Querying Vespa

This is an overview of the components and data flow for Vespa queries.

Queries are sent to Vespa using the Search API. Query strings are written in YQL.

Query flow

  1. A query is sent from a front-end application to a Search Container node, implemented using the Vespa container. Find search endpoints using vespa-model-inspect service container
  2. Query processing, like stemming and geo-tagging, is done in search chains
  3. The query is sent from the container to all content clusters in the system - see federation. Content clusters have top-level dispatchers (TLDs), which dispatches queries to proton search nodes. For better caching, queries have affinity to TLDs

At this point the query enters one or more content clusters:

  1. The query arrives at each content node's mid-level dispatcher (MLD - binary is the same as for TLD). An exception to this is grouped clusters, in this case a subset of content nodes are queried. MLD forwards the query to vespa-proton.
  2. vespa-proton searches its index and returns its results to the MLD.
  3. When all MLDs have responded to the TLD, it merges their partial results and responds to the search container.
  4. The search container performs processing of the results in search chains, requerying data if needed, before it returns these to the querying entity.

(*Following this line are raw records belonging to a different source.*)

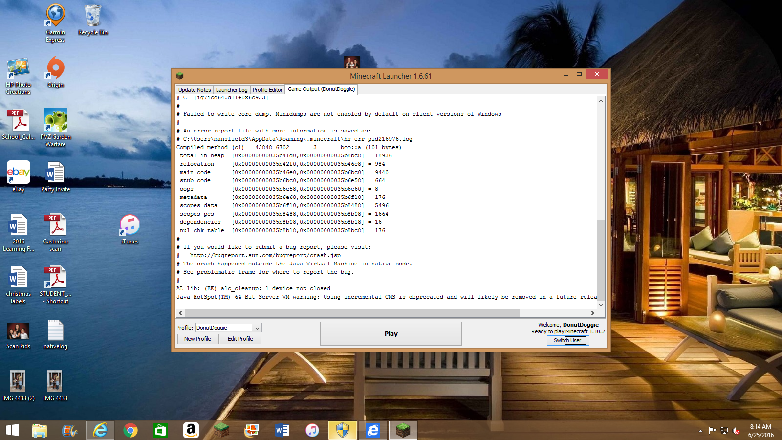 Then, only some of the world loads and seconds later I get a message from the computer saying Java(TM) Platform SE binary has stopped working, and then brings me back to the launcher with the crash information.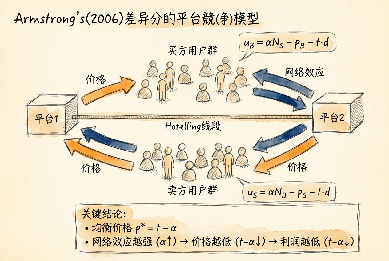 当多个平台在市场中共存时,它们如何竞争?Armstrong (2006) 的经典模型提供了分析框架。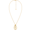 Un pendentif retenu par une fine chaîne superpose une goutte sculptée dans le verre et une plaque en laiton dorée, dévoilant par transparence le logo Polène gravé dessus.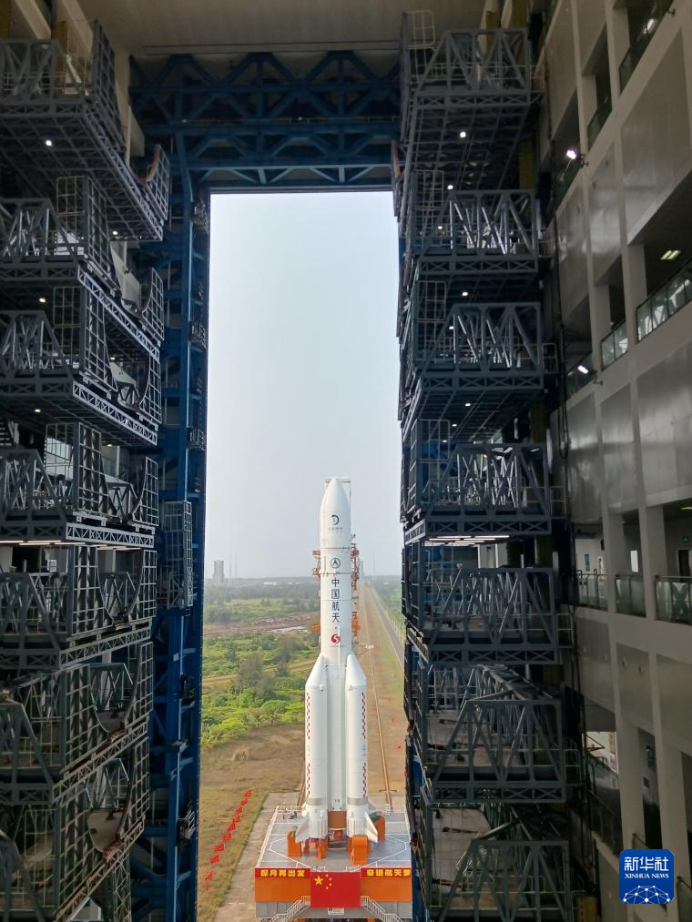 4月27日,嫦娥六號探測器和長征五號遙八運載火箭器箭組合體開始轉(zhuǎn)運。
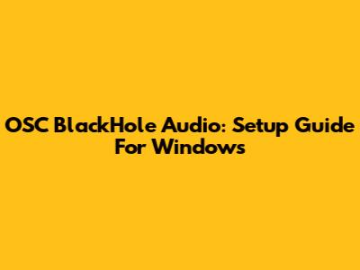 OSC BlackHole Audio: Setup Guide For Windows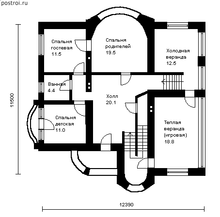 Проект двухэтажного коттеджа "Руслана" из газобетона
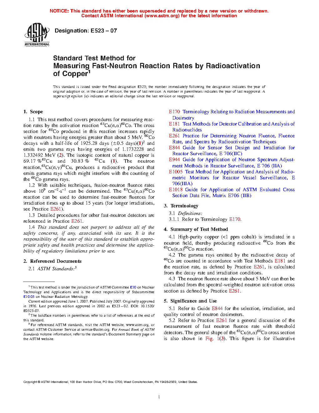 5.2 Refer to Practice E261 for a general discussion of the measurement of fast neutron fluence rate with threshold detectors. The general shape of the 63Cu(n,a) 60Co cross section is also shown in Fig. 1 (3, 4, 5) along with a comparison to the current experimental database (6). This figure is for illustrative purposes only to indicate the range of the response of the 63Cu(n,a)60Co reaction. Refer to Guide E1018 for descriptions of recommended tabulated dosimetry cross sections.

The vespa-dispatch service's primary task is to dispatch queries such that it covers the entire document base, with the lowest possible maximum load on its relevant search nodes. The TLD knows what queries are being processed and at which nodes, and load balancing is done by dispatching to the node (MLD) with the lowest number of running queries.


The two dispatch modes are separable in the log files by their entry; the MLD writes:

(...) searchnode.dispatch0.dispatch
vespa-dispatch (...)
whereas the TLD writes:
topleveldispatch vespa-dispatch (...)